We've had to get used to hearing really stupid things from right-wing doctors elected to Congress. Whether it's Paul Braun claiming science comes from the pit of hell, Rand and Ron Paul being, well, Paulian, Tom Coburn denying climate change... The list is longer and more shameful. Speaking as a physician, it's embarrassing. But this has to be the stupidest thing I've ever heard from a teabagging elected M.D.:
"Watch a sonogram of a 15-week baby, and they have movements that are purposeful," said Burgess, a former obstetrician-gynecologist. "They stroke their face. If they're a male baby, they may have their hand between their legs. If they feel pleasure, why is it so hard to believe that they could feel pain?"
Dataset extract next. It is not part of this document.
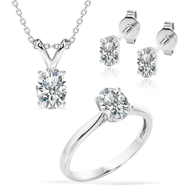Beautiful Gift Set of 3 Carat Oval Moissanite with Ring, Earrings & Pendant
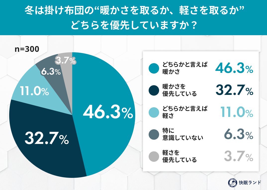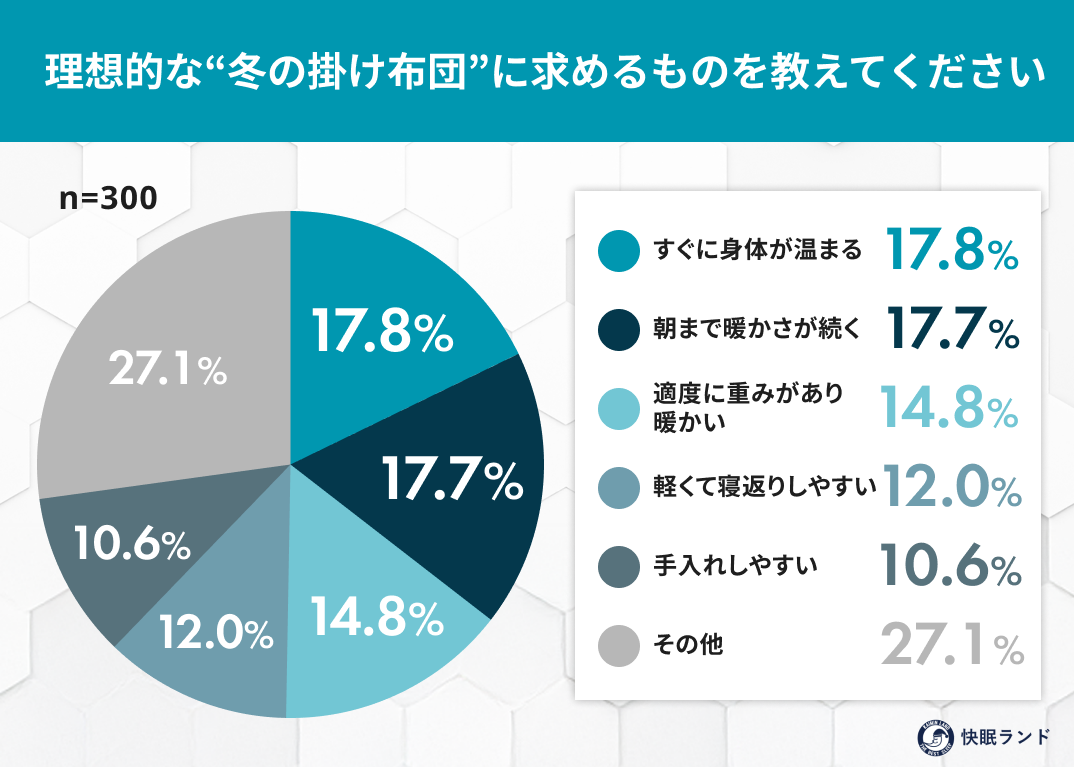 理想の掛け布団像は「暖かさ」に加え、「軽さ」「動かしやすさ」も重視されている

Now, granted, it's impossible to know for sure what goes on in a hemi-demi-formed 15-week-old brain. But it's not that hard to extrapolate based on actual demonstrable neural pathways, as scientists have done. Applying the word "purposeful" to what are surely, at that stage of development, random movements is pretty much of a stretch. Self-pleasure? Really? It's there at 15 weeks, and then disappears? I mean, has anyone seen a newborn boy deliberately play with himself? Get an erection, sure. It happens. But how long before any newborn can complete any purposeful reaching, let alone give himself a handjob? What unmitigated dumb.
The guy was an obstetrician, ferchrissakes.
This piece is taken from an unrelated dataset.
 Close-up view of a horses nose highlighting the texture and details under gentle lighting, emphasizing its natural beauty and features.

These are not normal people. Seriously. I get that people are against abortion, and I see it as a religious position of consistency, and I'd never consider trying to argue against those religious beliefs. (Although it's always been of interest that so many of those who see the life of a blastocyst as equivalent to that of a child are able, somehow, to reconcile that with refusing to pay for food, health care, education, or anything else that suggests valuing life past the moment of birth. And, to be clear, I have most certainly argued that there's a difference between a cluster of cells and a fully-formed baby. But that's also a point of view, subject to religious-based differences of opinion. Still, the imposing of one's religious beliefs on another is just that: imposing.) But to make such patently ridiculous arguments, pretending that it's not a religious argument at all, that not only fly in the face of common sense and observable behavior of infants, but rejects what's known, scientifically (that thing from hell), about fetal neurodevelopment? Who are they trying to kid? Well, of course: these people. Ducks in a barrel.
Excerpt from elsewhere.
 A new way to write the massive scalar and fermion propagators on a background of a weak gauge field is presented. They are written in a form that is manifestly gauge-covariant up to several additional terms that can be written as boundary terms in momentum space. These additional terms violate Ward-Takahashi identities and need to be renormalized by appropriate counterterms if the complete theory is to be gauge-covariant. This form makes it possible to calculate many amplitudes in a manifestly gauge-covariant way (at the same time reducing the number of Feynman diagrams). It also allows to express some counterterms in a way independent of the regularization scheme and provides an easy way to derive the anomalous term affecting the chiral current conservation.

Same, of course, with the contention that fetuses at that age are capable of feeling pain. Who knows for sure? But what's more likely, actual sensation of pain in a primitive brain, essentially comatose, lacking mature connections between it and the extremities; or the equivalent of spinal cord reflexes, jerking when touched? Like a rubber hammer on your patellar tendon. Has it ever hurt? And yet, did you jerk? C'mon.
My god. This is the best teabaggRs have to offer?